Seule une victoire aux législatives pourraient donc les libérer de la prison. Drôle de justice qui nous gratifie d’autres cas aussi scandaleux. Le sénateur Andriamandavy VII n’est pas et se fait même nommer ministre après avoir saccagé le portail du Bianco lors de l’affaire Claudine Razaimamonjy. Le flagrant délit était beaucoup plus visible que le détournement du sénateur Berthin Randrianiaina mais ce dernier est à Antanimora sans que le bureau du Sénat ait été consulté ni réagi. Et apparemment, le président Rivo Rakotovao ne veut pas bouger parce que le sieur Berthin,un fervent militant HVM, serait en train de retourner sa casaque pour rejoindre Andry Rajoelina. Drôle de justice !
Sa
A cause de l’immunité parlementaire, le parlement à Madagascar devient un véritable refuge pour malfaiteurs – Lagazette DGI du 9 mai 2019
L’immunité dont jouissent les parlementaires malgaches dans l’exercice de leurs mandats a toujours été au centre des débats. Si certains y voient un moyen de garantir l’indépendance des parlementaires pour un libre exercice de leurs fonctions, pour d’autres cela ouvre la voie à de nombreux abus. En effet, il n’est pas rare dans le passé que le nom de certains députés ou sénateurs malgaches soient cités dans des affaires de corruption, d’abus d’autorité, voire même de trafic illicite de richesses naturelles. Les juridictions malgaches se trouvant très souvent bloquées dans leurs poursuites par l’immunité dont jouissent ces parlementaires. La demande d’une main levée de l’immunité parlementaire étant aussi très difficile faisant une fois de plus profiter une véritable impunité à ces parlementaires. Nos parlementaires sont bien conscients des avantages qu’ils bénéficient en jouissant de cette immunité. Apparemment, certains n’hésitent pas à commettre des infractions sans plus se soucier d’une éventuelle poursuite.

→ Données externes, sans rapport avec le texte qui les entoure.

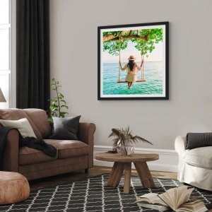 Poszter fehér keretben - Nő egy hintán a tengerparton, trópusi környezetben - 50x70cm - Az élet gyönyörű - Modern fali dekoráció nappalihoz és hálószobához ARTTOR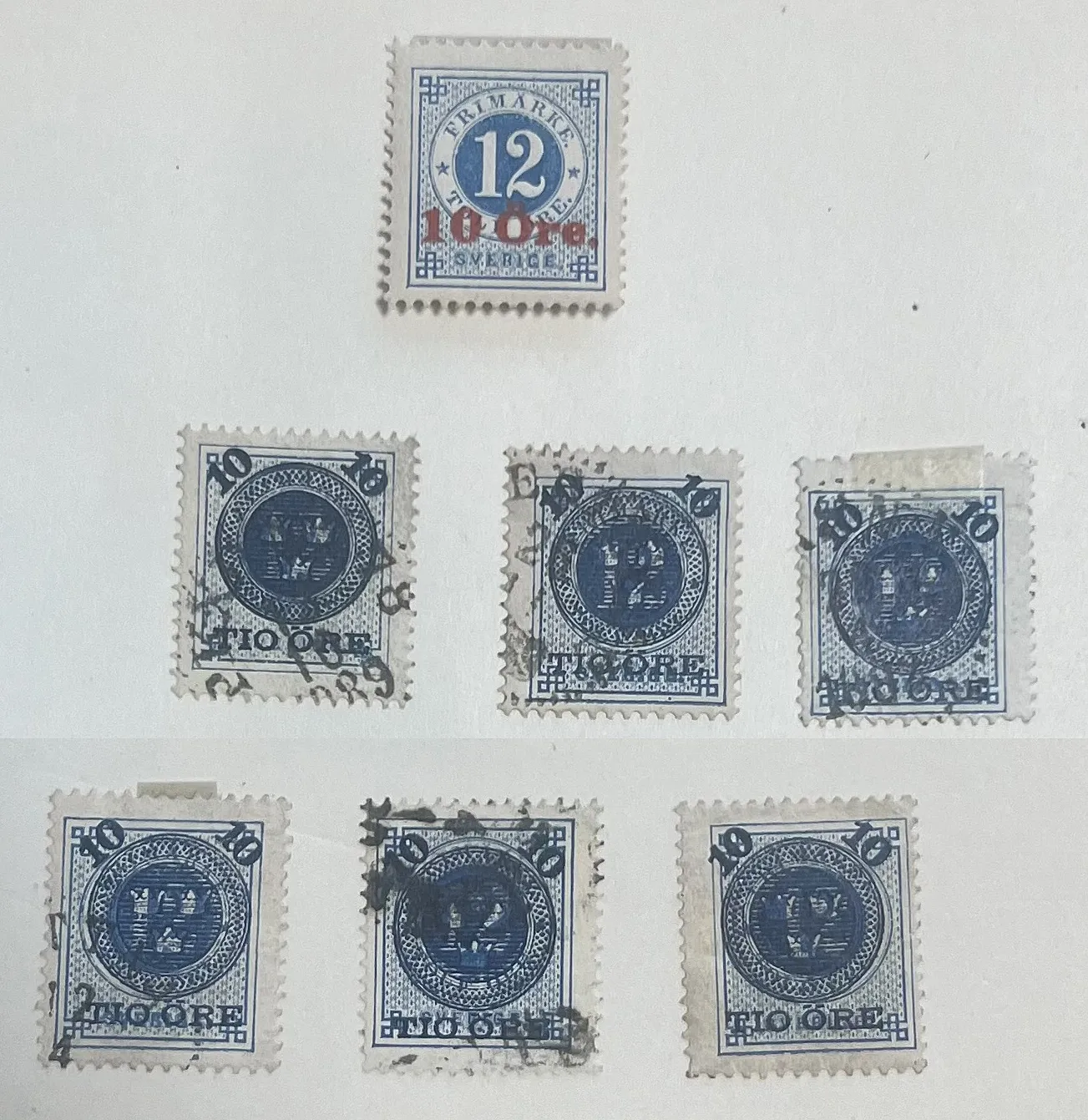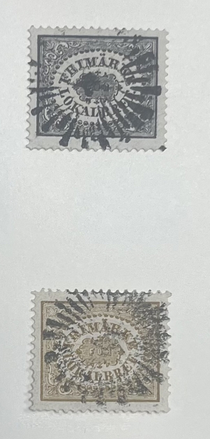 Samling stämplade märken Vapen, fina svart och brun Lokal, Ringtyp i nyanser och några spegeltryck, 10 på 12 öre privat påtryck och BC/CB-par mm.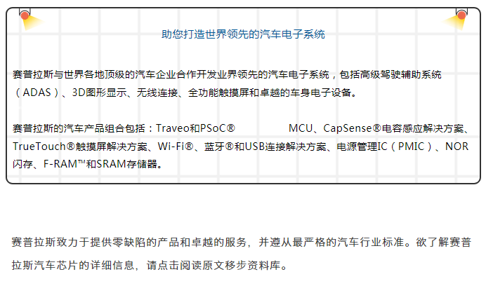 Traveo II 車用MCU系列采用64至176引腳的LQFP封裝,以及272至320引腳的BGA封裝,Flash大小從512KB 至8MB,已經向全球客戶供貨。Continental、Magneti Marelli等全球領先的汽車電子系統供應商均在其產品線中采用了Traveo II。欲了解有關Traveo II MCU的詳細信息,請點擊閱讀原文移步資料庫。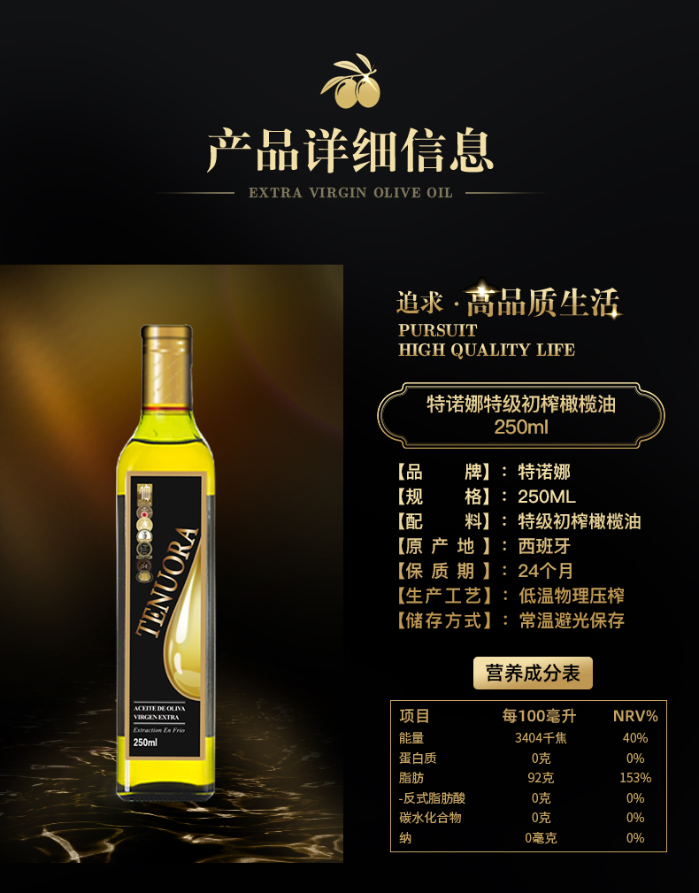 商品名称:特诺娜特级初榨橄榄油黑色精装礼盒250ml*2(单位:盒)
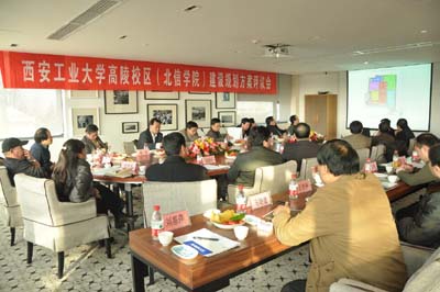 张君安副校长首先介绍了九游官网及北方信息工程学院的发展历程、办学思路和特色。中国建筑西北设计研究所八所工程师吴琛向所有参会人员介绍了新校区建设的总体规划思路,设计师杨华就具体的规划方案进行了细致的讲解,包括新校区的建筑风格,功能区域的划分,以及工程开展建设进度的分配情况。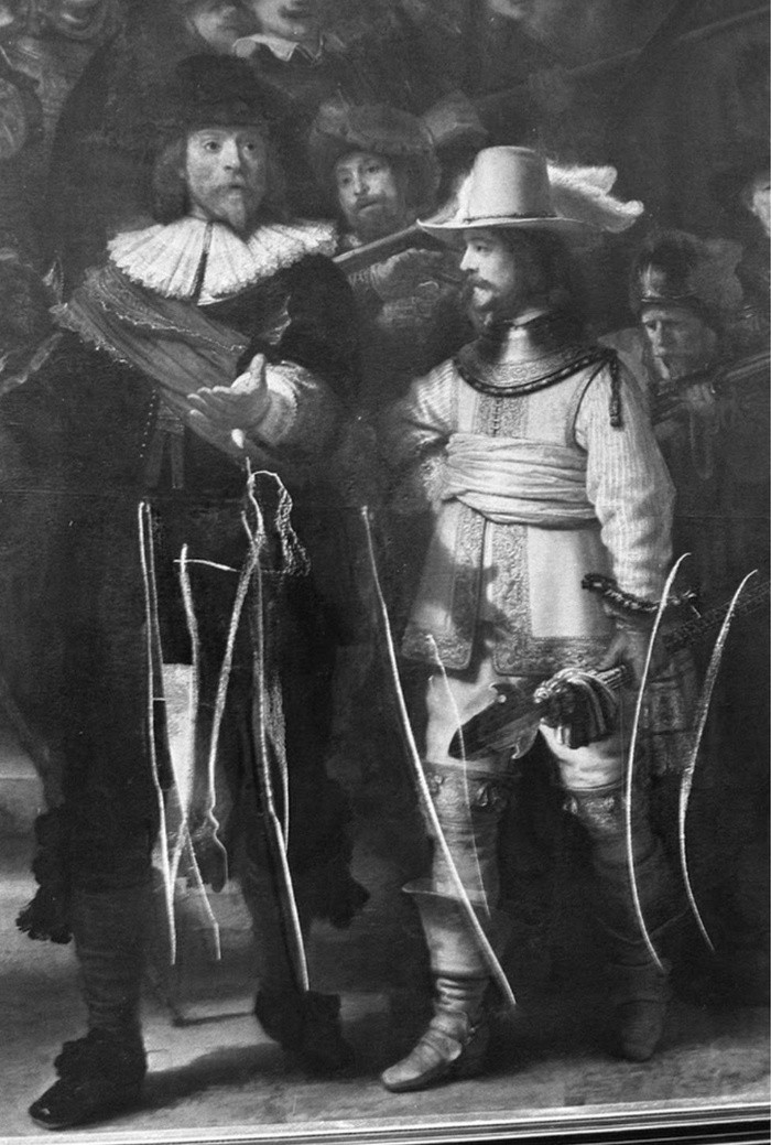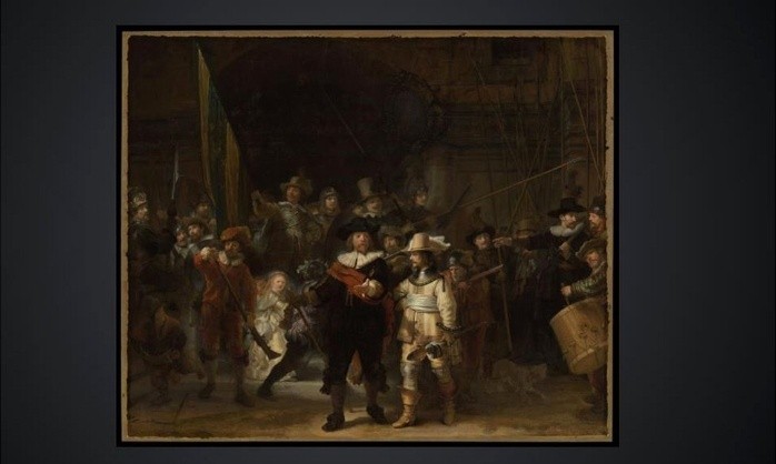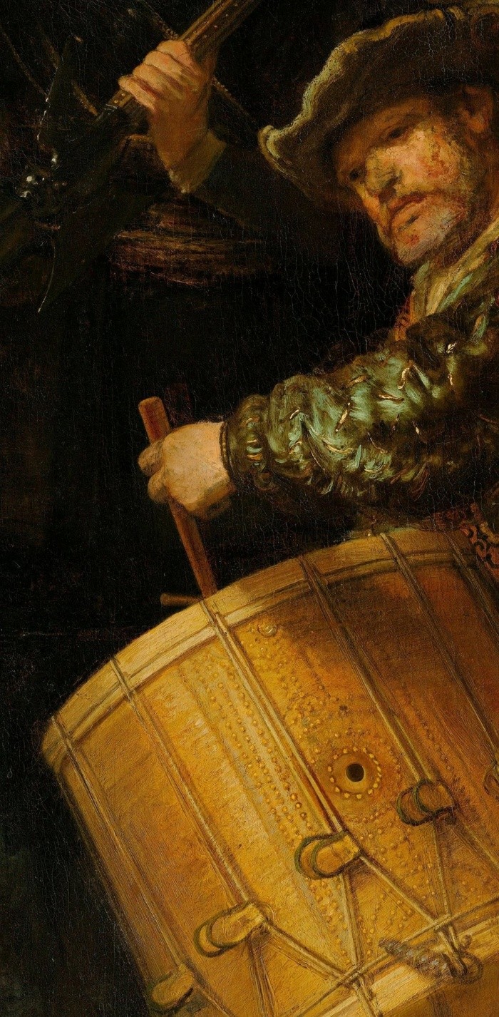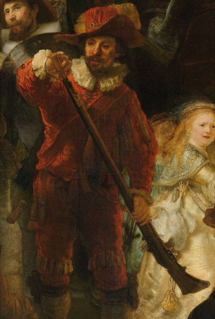 A las 9 de la mañana del martes 12 de mayo el Rijksmuseum en Amsterdam, Holanda, publicó en su sitio web una imagen de "La Ronda Nocturna" (1642) de Rembrandt.Quizás estás pensando que eso no tiene nada de raro. Después de todo, el museo frecuentemente publica obras maestras de la Edad de Oro neerlandesa. Pero hay algo sobre esta fotografía en particular que la hace sobresalir.La imagen presenta la obra sin enmarcar con un trasfondo gris oscuro. Se ve clara y bien iluminada pero no parece excepcional... hasta que haces clic.Inmediatamente, la imagen se agranda y ves más detalles.Si haces clic otra vez, te propulsa hacia la mano estirada del capitán Frans Banninck Cocq. Otro clic y te encuentras cara a cara con el líder del grupo de hombres algo molestos.Un clic más, y puedes ver el brillo en su ojo y la textura de su barba pelirroja.En ningún momento la imagen se desvirtúa ni se distorsiona.A medida que sigues haciendo clics, te vas metiendo cada vez más en la obra hasta que ese ojo del capitán queda del tamaño de un puño y te das cuenta de que ese pequeñísimo brillo que viste antes no es resultado de una pincelada de Rembrandt, sino de cuatro aplicaciones separadas de pintura, cada una cargada con un tono de pintura ligeramente diferente.Ni siquiera entonces la imagen virtual de la gran obra pierde su nitidez.Entonces te detienes y piensas: "¡Caramba! A pesar de que probablemente nadie iba a ser capaz de notarlo, Rembrandt usó cuatro colores diferentes para pintar un minúsculo efecto de luz en el ojo de uno de muchos personajes de tamaño real representados en este retrato de grupo".Quizás este visionario holandés del siglo XVII previó un futuro en el que los primeros experimentos con técnicas de cámara obscura, los que quizás probó, eventualmente llevarían a una tecnología fotográfica capaz de registrar la representación visual de su gigante lienzo a un nivel de detalle más fino que el que el mismo artista podía ver.Por ejemplo, siempre me ha gustado el perro fantasmal que se voltea y le gruñe al tamborilero que está en la orilla de la pintura. Yo había asumido que el sabueso no estaba terminado y por lo tanto no había sido querido por Rembrandt. Pero ahora puedo ver, al acercarme, que el artista no sólo le puso un elegante collar, sino que le añadió un pendiente de oro con un pequeñísimo destello de pintura roja para hacer eco del color de los pantalones del tamborilero.Es claro que a Rembrandt le gustaban los perros.Como siempre, hay artificio detrás del arte, como verás a los pocos minutos de acercarte a "La Ronda Nocturna".Rápidamente se hace evidente que Rembrandt primero creó su composición maravillosamente dinámica, y luego la afinó a medida que avanzaba. Verás que hizo muchas pequeñas correcciones sombrías (pentimenti), como la parte superior de la baqueta del baterista en el extremo derecho, o en el dedo índice del alférez que sostiene la bandera de la tropa en alto.También hay artificio en la fotografía del Rijksmuseum. No es una sola imagen como parece, sino un compuesto de 528 fotografías digitales individuales unidas a la perfección para darnos una visión completamente nueva de una de las pinturas más famosas del arte occidental.Reversemos los clics y volvamos por un momento a la escena completa.Tras firmar y fechar la obra, Rembrandt la nombró: "La compañía militar del capitán Frans Banninck Cocq y el teniente Willem van Ruytenburgh".Fue un retrato comisionado por la Compañía Militar de Arcabuceros para colgarlo en su sede.Quienes aparecen en él (unos 18 miembros originalmente) pagaron para que se les incluyera. El capitán Cocq está en el centro con su confiable teniente Willem van Ruytenburch a su lado. Los hombres reunidos detrás de ellos llevan una variedad de armas para defenderse su vecindario.Los arcabuces (mosquetes) eran su especialidad, un punto que Rembrandt ilustra con una secuencia surreal que va de izquierda a derecha en la pintura representando a tres mosqueteros. El primero, vestido de rojo con cuello y puños blancos, está cargando su mosquete con pólvora. El segundo, un joven parcialmente oscurecido por el brazo derecho de Cocq, dispara su arma, desordenándole las plumas al sombrero de Ruytenburch, pero sin tocarlo a él. Y el tercero, un viejo también vestido de rojo, sopla los restos de pólvora del arma disparada.La niña con el vestido dorado no es miembro de la milicia, pero está allí como una brillante mascota simbólica. Las patas del pollo muerto que cuelgan de su cinturón representan el emblema de los Arcabuces.La pintura estuvo colgada al principio junto a varios retratos de grupo enormes, lo que le daba a quienes visitaban la sede de los guardias una sensación de estar rodeados por hombres fuertes locales.Posteriormente fue llevada en 1715 al Ayuntamiento en la Plaza Dam (ahora el Palacio Real), donde le tuvieron que cortar un poco a cada uno de sus cuatro lados para que cupiera por la puerta.La primera vez que la llamaron "La Ronda Nocturna" fue en 1897, pues el barniz que protegía la pintura estaba tan viejo y manchado que hacía parecer que era una escena nocturna.Esa capa de barniz fue retirada hace mucho en una de las 25 o más restauraciones y tratamientos a los que la obra ha sido sometida a lo largo de los años.La más memorable fue en 1975 después de que un visitante en el museo atacó la pintura con un cuchillo causando daños graves, cuyos rastros puedes ver cuando te acercas en la nueva fotografía compuesta.Ese es precisamente el principal propósito de la foto digital del Rijksmuseum: lanzarte en una misión detectivesca.La imagen de 44,8 gigapixeles fue creada por el departamento de conservación del Rijksmuseum, que actualmente está llevando a cabo la que quizás es la mayor renovación a la que "La Ronda Nocturna" ha sido sometida.Su altísima definición le permite al equipo de 12 especialistas examinar el cuadro sin necesidad de usar microscopi

On craint que ce ne soit pas encore le cas cette fois-ci. De nombreuses têtes de candidats à la prochaine députation ne sont plus étrangères dans le monde politique malgache. On craint ainsi que l’assemblée nationale et le Sénat ne deviennent un véritable refuge pour des malfaiteurs. Selon une partie de l’opinion publique, cette situation vient s’ajouter au fait que nos parlementaires bénéficient des indemnités et divers avantages faramineux sont les seules raisons qui motivent les candidats. Inversement, les principales fonctions parlementaires comme la représentation de la population semblent tout simplement ignorée. On devrait donc penser à revoir nos textes sur la fonction parlementaire pour l’adapter aux véritables attentes du pays. Mais aussi et surtout pour écarter les opportunistes qui ne cherchent qu’à s’enrichir et abusent de ces immunités.
Ranaivo
A Madagascar,L’ex-député de Mahabo fait la campagne pour sa réélection de sa cellule – La vérite du 9 mai 2019
Selon les informations, Ludovic Adrien RAveloson reste en contact permanent avec l’extérieur via le téléphone mobile.Informé de ce fait, le procureur de MOrondava a requis à la direction régionale de l’administration pénitentiaire de fournir des explications. Il s’est avéré que le détenu se sert des téléphones des agents pénitentiaires contre argent sonnant et trébuchant pour pouvoir entrer en contact régulier avec son équipe sur le terrain.